Comparing Approaches: What Unites and Distinguishes the Three Systems
The algorithms of different search engines work differently, but the selection principle is the same: models choose not sites but fragments that are convenient to integrate into their own explanations. The task shifts from outranking competitors in search results to creating structures, examples, and semantic blocks that the model can use without additional processing.
Common principles of all AI search engines:
- Models don't rank pages in a linear list—they construct answers from fragments.
- Fragment suitability for citation matters more than the overall authority of the page.
- Clear structure (definitions, mechanics, criteria, examples, conclusions) increases the chance of being included in answers.
- Local signals work in all systems but with varying strength.
- Demonstrated expertise (E-E-A-T) influences model trust.
Key differences among AI search engines:
| Criteria | Google AI Overviews | Yandex Neuro | Perplexity |
|---|---|---|---|
| Answer types | Definitions, instructions, lists, tables, analytics | Short summaries, structured explanations, page fragments | Dialogue-based answers with sections and citations |
| Role of structure | Key for selecting cited fragments | Important but considered alongside geo-factors | Key: clear paragraphs increase citation chances |
| Role of locality | Moderate, strengthens in local queries | Critical: without locality, almost no visibility | Limited, weak localization in the Russian web |
| Role of authority | Important but may choose niche sites | Important, but strong locality can outweigh | Key: prefers large and established sites |
| Dialogue context | Limited | Limited | Actively uses dialogue history |
How to Prepare Your Site for AI Search Engines
Understanding the mechanics of AI search engines allows you to build a systematic approach to increasing visibility across all three systems. Below are key principles that work for Google AI Overviews, Yandex Neuro, and Perplexity.
Create citable fragments. Each page should have 3–5 self-contained paragraphs, each serving one function: definition, mechanism, cause-and-effect relationship, criterion, or conclusion. One thought per paragraph. Models don't “fill in” structure within a paragraph.
Structure content according to patterns. Use formulations that models recognize as structural: “The definition of the term…”, “The mechanics of the process…”, “The reason is that…”, “When choosing, it's important to consider…”, “For example…”. A clear paragraph opening sets the direction for the model.
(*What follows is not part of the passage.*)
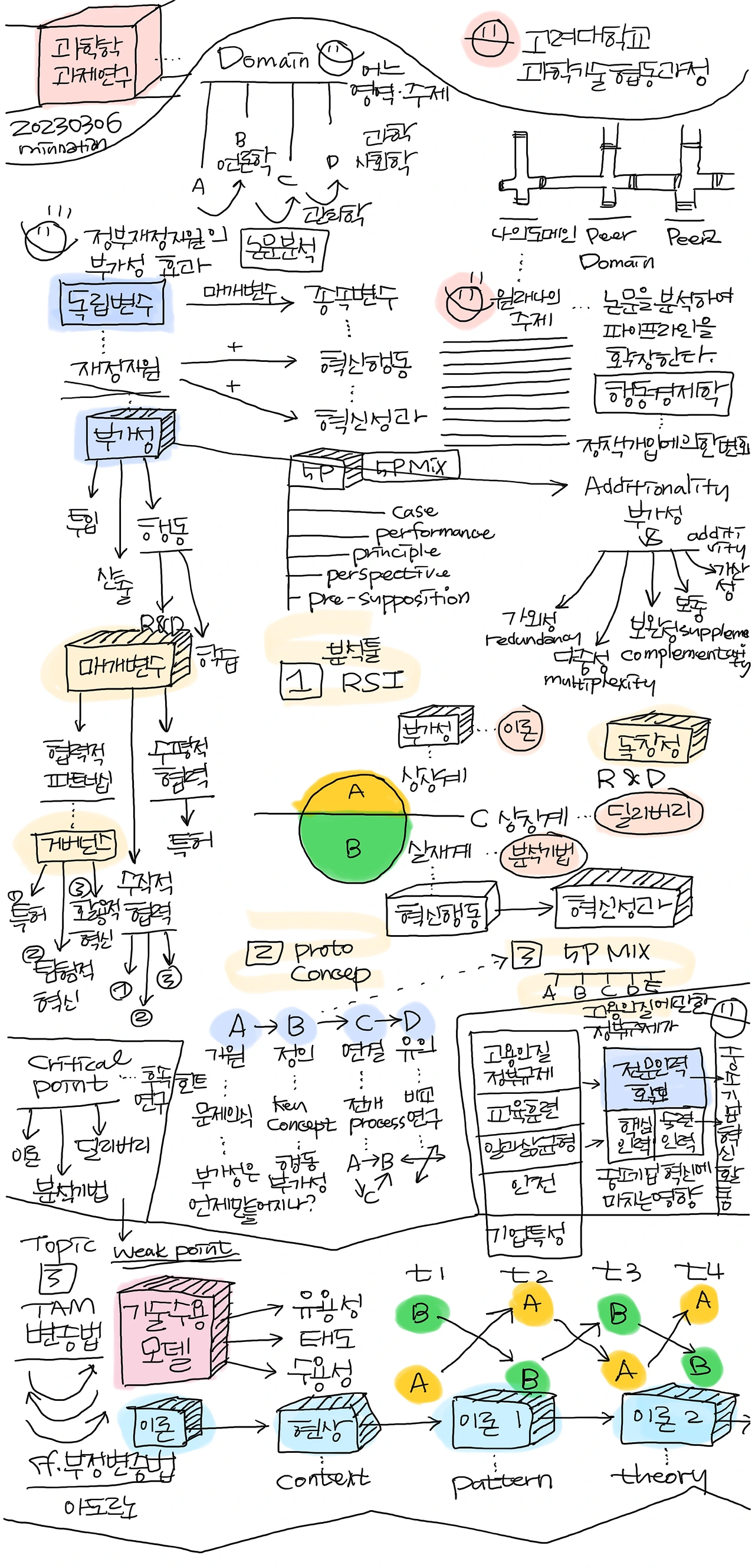 오늘 강의를 들으면서 아래와 같은 정리를 해 보았다. 앞으로 박사학위 논문을 한주에 6개씩 읽고 토론을 해야 한다. 그러면 이번학기 거의 80개의 논문을 읽고 토론을 하게 되니 어느정도 크리티컬 포인트를 자연적으로 찾을 수 있을 것 같다. 전공은 과학사회학이다. 과학기술의 변화가 사회에 어떤 영향력을 미치는지 이론과 방법론을 설정하고 딜리버리를 제대로 했는지를 살펴보는 시간이 될 것 같다. 쉽지 않은 과정이지만 노력은 배신하지 않으니깐, 열심히 달려가야 한다. 치명적인 포인트를 기억하면서 앞으로 나아가자. 다음시간에는 그동안 철학을 통해서 정리했던 프로토컨셉과 5P MIX 인식론, 그리고 자크라캉의 RSI까지 기존의 '이론-방법론-딜리버리'를 넘어서 완전히 새로운 포인트를 찾아보기 위한 연구를 시도해 볼 것이다. 역시 철학은 기본중의 기본이다.

Implement micro-markup. Article—basic markup for informational pages. FAQPage—for question-and-answer blocks. Speakable—for highlighting key fragments that can be read aloud. LocalBusiness—for local businesses with NAP details. Markup helps the model understand the page's purpose and identify key fragments.
Strengthen local signals. For businesses in Moscow and the region, geo-targeting is critical. Provide the exact address, working hours, district, and local examples. Ensure NAP consistency across the site, directories, and maps. This is especially important for Yandex, which actively uses regional signals.
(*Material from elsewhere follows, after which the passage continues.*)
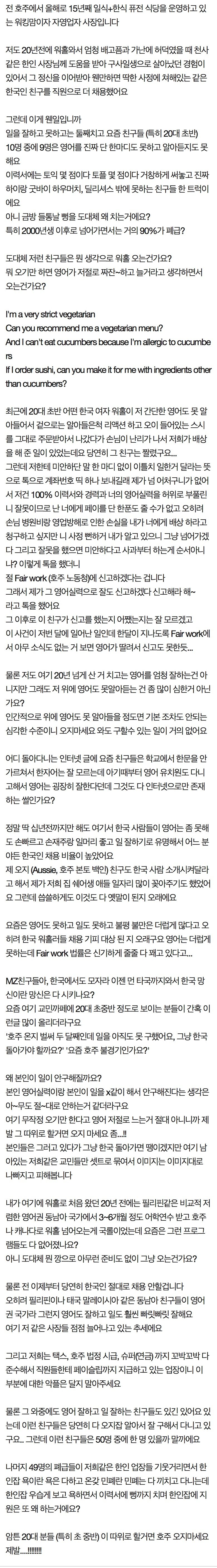 영어 ㅈ도 못하는데 왜 워홀오냐는 사람 ㅎㄷㄷㄷㄷ

Create supporting pages. Analytical materials, case studies, comprehensive FAQs, and narrow topical subpages build an evidence base for the model. They show that the project consistently works with the topic and can provide the model with additional fragments for answers.
Demonstrate expertise. Include author bios with brief factual backgrounds. Build a portfolio of articles on the same topic. Work on external mentions: directories, industry media, niche portals. Models trust projects that demonstrate sustained thematic depth.
Conclusion
AI search engines—Google AI Overviews, Yandex Neuro, and Perplexity—have changed the logic of search. Models no longer rank pages in a linear list: they construct their own explanations, selecting fragments that are convenient to integrate into an answer. The key visibility factor is not position but the structural suitability of content.
For businesses in Moscow and the region, this means rethinking the approach to content creation. Definitions, mechanisms, criteria, examples, and conclusions—these elements form citable fragments. Local signals and demonstrated expertise become mandatory conditions for inclusion in answers, especially in Yandex Neuro. Companies that adapt their pages to the logic of AI search engines gain sustainable presence in a new reality where positions are no longer a guarantee of traffic, and user attention has shifted toward generative answers. Learn more about modern approaches in the article on new search trends.
Frequently Asked Questions
How do AI search engines differ from classic search?
Classic search ranks pages and shows a list of links. AI search engines generate their own structured answer, selecting fragments from different sources. The user gets a ready-made explanation without needing to click through links.
Which AI search engine is more important for businesses in Moscow?
For local businesses in Moscow, Yandex Neuro is a priority, as the system actively uses regional signals. For informational projects and B2B, all three systems matter, but Google AI Overviews has the largest audience reach.
How can I know if my site is used in AI answers?
In Yandex.Webmaster, there is a “Neuro” section with mention statistics. In Google Search Console, there is an “AI Overviews” report. You can also conduct manual monitoring: check control queries and record when fragments of your site appear in AI answers.
Can I optimize my site for all three AI search engines simultaneously?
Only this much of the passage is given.